Zhi Wei, Minturn Jane, Rappaport Eric, Brodeur Garrett, Li Hongzhe
Department of Biostatistics and Epidemiology, New Jersey Institute of Technology, Newark, NJ, USA.
Methods Mol Biol. 2013;972:121-39. doi: 10.1007/978-1-60327-337-4_8.
Multivariate microarray gene expression data are commonly collected to study the genomic responses under ordered conditions such as over increasing/decreasing dose levels or over time during biological processes, where the expression levels of a give gene are expected to be dependent. One important question from such multivariate gene expression experiments is to identify genes that show different expression patterns over treatment dosages or over time; these genes can also point to the pathways that are perturbed during a given biological process. Several empirical Bayes approaches have been developed for identifying the differentially expressed genes in order to account for the parallel structure of the data and to borrow information across all the genes. However, these methods assume that the genes are independent. In this paper, we introduce an alternative empirical Bayes approach for analysis of multivariate gene expression data by assuming a discrete Markov random field (MRF) prior, where the dependency of the differential expression patterns of genes on the networks are modeled by a Markov random field. Simulation studies indicated that the method is quite effective in identifying genes and the modified subnetworks and has higher sensitivity than the commonly used procedures that do not use the pathway information, with similar observed false discovery rates. We applied the proposed methods for analysis of a microarray time course gene expression study of TrkA- and TrkB-transfected neuroblastoma cell lines and identified genes and subnetworks on MAPK, focal adhesion, and prion disease pathways that may explain cell differentiation in TrkA-transfected cell lines.
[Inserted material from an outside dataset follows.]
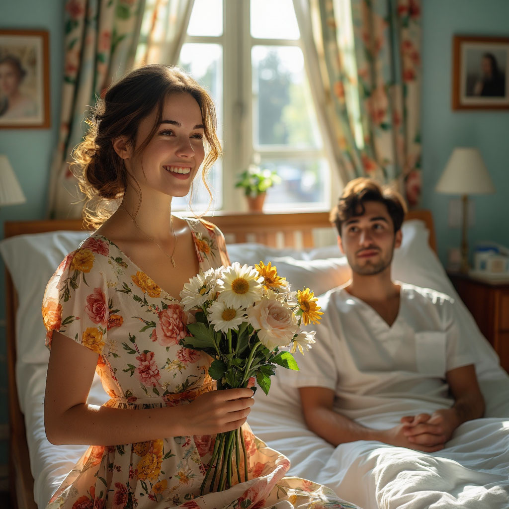 Елена проникла в палату к Юрию в тот самый день, когда ему разрешили вставать. Нарядилась в принесенные сестрой легкое платьишко в цветочек и туфли на низком ходу («чтобы не стучать, как копытом по паркету»), собрала волосы в аккуратный пучок, взяла с собой букетик и принесенный той же родственницей пакетик с домашним вареньем - «на случай, если он захочет чаю».

多变量微阵列基因表达数据通常是为了研究在有序条件下的基因组反应而收集的,比如在生物过程中剂量水平增加/减少或随时间变化的情况下,其中给定基因的表达水平预计是相关的。这类多变量基因表达实验的一个重要问题是识别在处理剂量或时间上表现出不同表达模式的基因;这些基因也可以指向在给定生物过程中受到干扰的途径。已经开发了几种经验贝叶斯方法来识别差异表达基因,以便考虑数据的平行结构并在所有基因之间借用信息。然而,这些方法假设基因是独立的。在本文中,我们通过假设离散马尔可夫随机场(MRF)先验,引入了一种用于分析多变量基因表达数据的替代经验贝叶斯方法,其中基因差异表达模式在网络上的依赖性由马尔可夫随机场建模。模拟研究表明,该方法在识别基因和修改后的子网方面相当有效,并且比不使用途径信息的常用程序具有更高的灵敏度,同时观察到的错误发现率相似。我们将所提出的方法应用于对TrkA和TrkB转染的神经母细胞瘤细胞系的微阵列时间进程基因表达研究的分析,并确定了可能解释TrkA转染细胞系中细胞分化的丝裂原活化蛋白激酶(MAPK)、粘着斑和朊病毒病途径上的基因和子网。